Rev. Ken Kovacs preaches to the congregation at Catonsville Presbyterian Church

Sermons

The Way of Compassion

February 28, 2021

Second Sunday in Lent/ 28th February 2021

 

What does love look like? That’s our question as a congregation for the season of Lent. There are many ways to answer this question, of course. This week’s answer requires guts and I pray that we have the stomach for it. This week we turn to compassion so that compassion might turn in us.

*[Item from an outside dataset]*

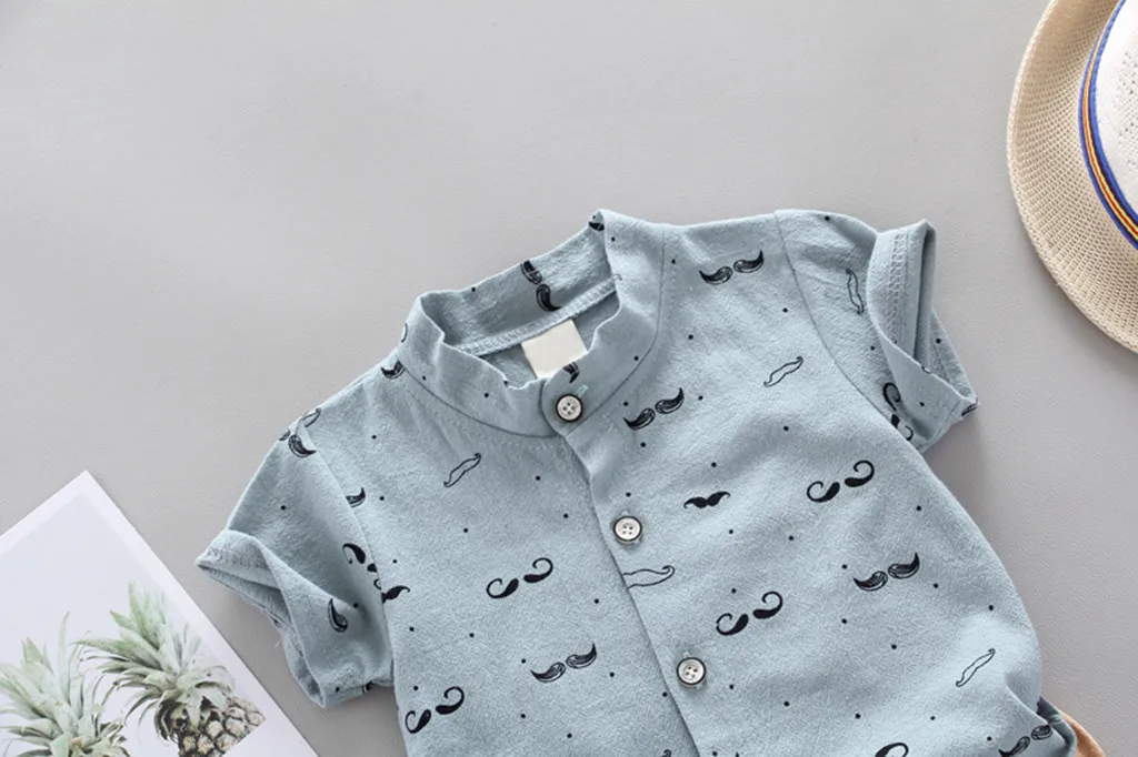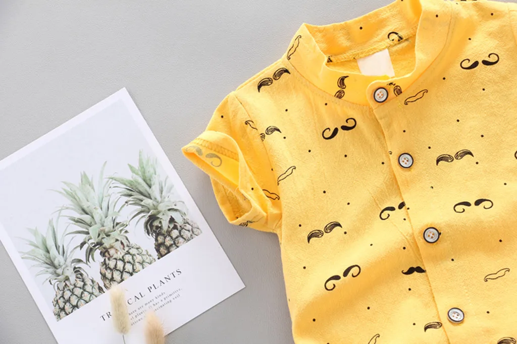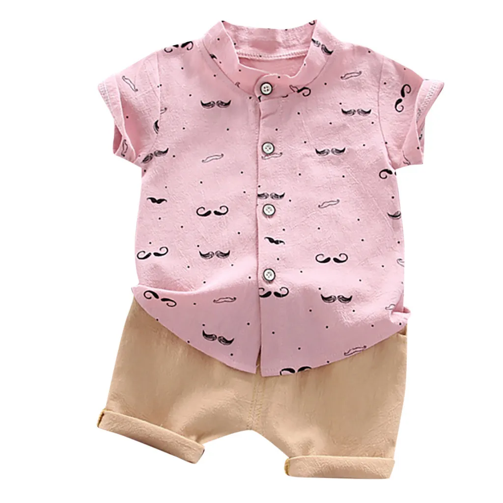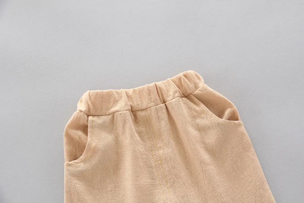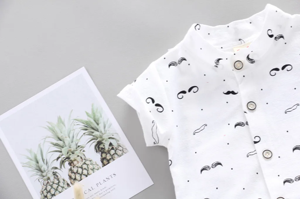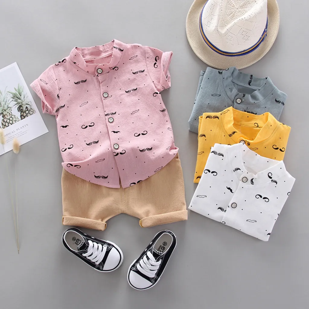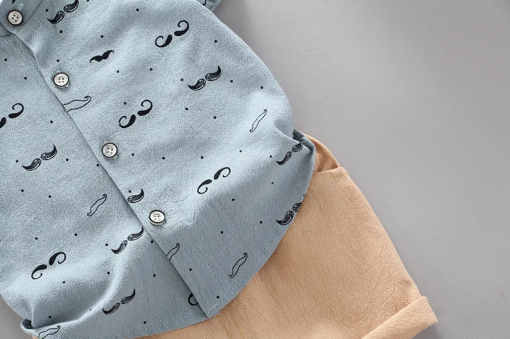 Футболка с принтом для маленьких мальчиков; топы; однотонные шорты; брюки; комплект для джентльмена

There are many places in scripture we could turn to for guidance here. I chose, perhaps, an unlikely combination of texts from Psalm 103 and Paul’s letter to Philippi, as well as other verses, as we shall see. Compassion is a constant thread woven into the fabric of our life in God.  And, yet it sometimes feels to be in short supply these days or maybe you’re experiencing compassion fatigue given what the past year has been like. This might have to do with the fact that compassion is difficult, it requires something of us, something from us, something we might not be willing to give. Compassion asks and requires much of us, but it’s also a work that we cannot do, a way we cannot walk on our own.

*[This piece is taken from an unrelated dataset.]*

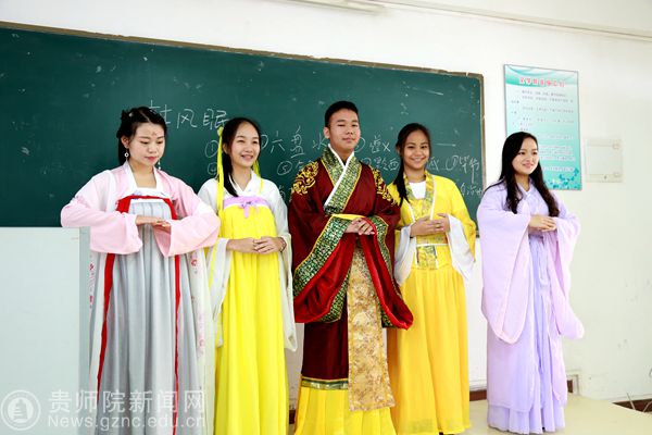 10月13号下午,赵景飞博士在《贵州自然与人文知识》课上引经据典地向营员们介绍贵州美丽的自然风光和与多姿多彩的民族人文风景;10月14日上午,卓婷老师的《汉语知识专题》通过课外文化拓展,教授《送别》歌曲,并让营员们穿上汉服,感受中国的传统文化,令营员们兴趣盎然;下午,陈火青老师的《中国书法教学专题》,把书法理论与实践相结合,让营员们通过学习写毛笔字,体会中国书法的文化内涵;10月15日上午,由具有多年国际汉语教育的徐望老师为同学们上了《汉语听说能力训练专题》,徐望老师上课生动有趣,层层递进,兼顾各个语言层次的学生,让每个营员都学有所得。徐望老师还拓展课程,给营员教授编织中国结;下午,曹月勇教授最具中国特色的《中国传统武术》,营员们认真学习棍术,在实践中体验了中国功夫。

The church in Philippi had a special place in Paul’s heart. “I thank my God every time I remember you,” he wrote, “constantly praying with joy in every one of my prayers for all of you” (Phil. 1:3). Still, it was a community struggling with conflict and disunity. Appealing to their better angels he affirms their ability to offer encouragement, consoling with love, sharing in the communion of the Spirit, offering compassion and sympathy, expressing a way of living by being of the same mind, having the same love.  By “same mind” Paul does not mean “sameness” or uniformity of mind or thought, but a similar attitude or orientation that guides their way through the world. “Let each of you look not to your own interests, but to the interests of others. Let the same mind”—or attitude or orientation—“be in you that was in Christ Jesus…” (Phil. 2:4-5). This mind or manner or way of Christ involved moving from his place of privilege with and in God out into the life of the other, entering deep into human life in service to the will of God, in service to the love of God, in service to God’s love for humanity. Pay attention, therefore, to that movement, that pattern, that way, that paradigm because it’s at work all through scripture and it’s at work within us too. The way of compassion flows from someplace deep within God and can flow from deep within us and can orient the shape of our lives.

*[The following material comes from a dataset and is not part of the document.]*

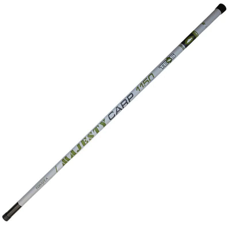 D’une longueur de 11.50m, la canne MAJESTY CARP 1150 a été développée pour les pêches fortes de carpes et autres gros poissons en carpodrome ou en public. Ce modèle très puissant vous permet un contrôle total des carpes lors des combats, tout en conservant un grand confort grâce à son poids et son équilibre maitrisés. Elle est équipée d’origine d’un kit de 2 éléments pré-percé avec une bague céramique pour installer un élastique intérieur avec une sortie latérale de type « strippa », ce qui vous permettra de gérer facilement la tension de l’élastique lors de la mise à l’épuisette de vos poissons. Un renfort en carbone a été rajouté au niveau de la zone de préhension du kit strippa, pour une solidité accrue et une meilleure durabilité. Comme tous les modèles de cannes TEOS destinés spécifiquement à la pêche de la carpe au coup, le diamètre intérieur de sortie du scion est de 5.5 mm, ce qui vous permettra d’installer facilement votre élastique sans avoir besoin de recouper le scion, et donc de conserver la longueur originelle de la canne.

In David Bentley Hart’s translation of Philippians 2:1 we don’t see the word “compassion,” as we read in the NRSV, instead he translates the Greek noun splagchnon as “inward affections,” which leads us to the heart of the matter.[1] Splagchnon refers to the “bowel, intestines, internal organs, and viscera.” The verb form splagchnizomai—I love that word—means something like being “torn up in the gut.” It’s also the word used for compassion. The stomach or belly was understood as the source of emotions. And compassion is born in the gut. A rare form of the verb is found in Matthew 9, “Then Jesus went about all the cities and villages, teaching in their synagogues, and proclaiming the good news of the kingdom, and curing every disease and every sickness. When he saw the crowds, he had compassion for them, because they were harassed and helpless like sheep without a shepherd” (Matthew 9:35-36). When Jesus saw their plight, the state of their suffering it tore him up inside, it made him sick to his stomach. It was gut-wrenching. That’s where compassion originates, in the belly, in the gut.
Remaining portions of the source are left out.